The unique challenges of MIMS

Another interesting post on the Channel Swimmers chat group from Ned Denison (member of the MIMS selection committee), describing some of the unique challenges of MIMS compared to other famous marathon swims (e.g., English Channel):

… [snippet – see chat group for full post]

Somebody referred to MIMS as the “weak sister” of the three events. Be careful… We all know that every open water swim is different and that the same open water swim is different every year, month, day, hour and minute. A daylight EC swim in August with hot sun, warm calm water, no wind and perfect timing to land on the CAP is very different from – what most of us got or will get.

So – there are some things about MIMS that are usually a bit easier that the EC and Catalina. Here are two that resonate with me:

The MIMS team usually gets the timing right so the swimmers have current behind them going up the East and Harlem rivers.

The swimmer doesn’t need to prepare for a 15 hour swim – you will have finished or been pulled long before then.

Over the years, the MIMS team has increased/toughened the qualifying requirements for participation. We look now for swims in lower water temperatures, a bit more speed and as a result the swimmer’s resume and last 12 months swims have increased in importance. Thus, when participants actually jump in the water, they are have been forced by the enrollment process to be ready/prepared for the big event. There are economic incentives to withdraw well before the event day – so if a swimmer accepts they are not ready for swim, they will self select themselves out of the event.

There are some things about MIMS that I believe are harder: The swim is early in the summer – which greatly restricts the available open water training window in Canada, Northern USA, Ireland, Britain, etc. A huge difference for guys like me facing 2 to 6 hour training swims in 8 to 11C water in May and early June in Cork Ireland.

In some years the tide has been massive in MIMS and several EC soloers could not beat the tide in the first 45 minutes hour to get around the Battery at the lower point of Manhattan. It is rare in the EC that a swimmer will FAIL in the first two hours due to adverse tide. How many of you practice sprinting at the start of your training swims? Very few I’ll bet!

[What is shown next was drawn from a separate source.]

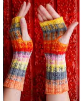
Blur: Fingerless Mitts
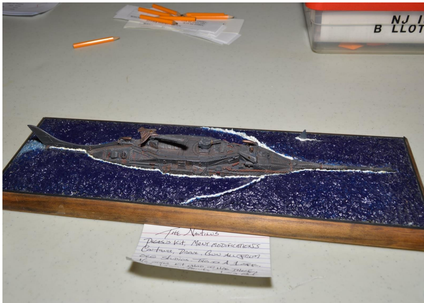
Big Bill also showed the Nautilus. Pegasus Kit, Many modifications-Conning Tower, Drone, Bow all from OEG Studios. Custom kit-no other had these parts!!!

Another challenging spot is the transition at Hell Gate from the East River to the Harlem River. For instance, in 2009, the gate is where many swimmers and relays, some of them EC and Catalina channel veterans, were forced to retire. You put your head down in the channel and swim – you can’t judge your progress anyways and an adverse tide can be beat with the “investment” of a few hard hours. In MIMS the Hell Gate water can just grab you and toss you back – you don’t have the luxury of a couple of hours. You can SEE yourself going backwards – mentally it is a tough one. Can you now sprint again? And do you have the raw speed and power to beat it?

Unusual cool water temperatures and storms have taken their toll. For instance in 2003, many members of the field retired due to the water temperature – one who was a past champion of MIMS.

In MIMS you usually have fairly protected waters in the first half then usually a rough Hudson at the end. I don’t know about most of you – but I prefer to either being in constantly tough conditions – or easing conditions (we have a long lake swim in Cork that ends by going down a fast river – heaven!) but mentally it is tough knowing FOR SURE that the end will be harder.

While being with a great group of swimmers in the pre, actual and post swim time is part of the magic of MIMS. For me it make is better and easier….except… MIMS is a race – you may or may not want to be in a race or accept that is it a race. It is always an uplifting experience when in a race when I am passing people. Does anyone out there like getting passed? MIMIS is not like the EC where some other swimmer and boat may be 1/2 mile away….in MIMS you can get passed by somebody so close you can feel the wake and see them clearly!

Finally, I had to spend 9 months of training by visualizing that my upcoming MIMS would be halted for lighting or other temporary things. I am a point to point guy in mentality and once I stop I don’t restart easily….maybe a good mentality for the EC….but not MIMS. Sure enough during my swim, halfway down the Hudson I could see the lightening coming (stuff scares the crap out of me!) and looked up to see a 1/4 mile long cruise ship backing across the 1 mile wide Hudson: “all swimmers out”. The swimmer making a move to pass me at that very moment NEVER got back in when the race restarted. Ask her if MIMS is a “weak sister”

So – for anyone looking to swim MIMS…beware of that “weak sister” comment. You will be getting into a tough open water swim – you better come mentally and physically prepared…….the Hudson River will not be impressed by the Catalina and EC charts on your wall at home.

Regards, Ned

PS…didn’t want to scare you by talking about the worst of it for me….the “Spuyten Duyvil”…it scared the Dutch settlers nearly 400 years ago and you will see why!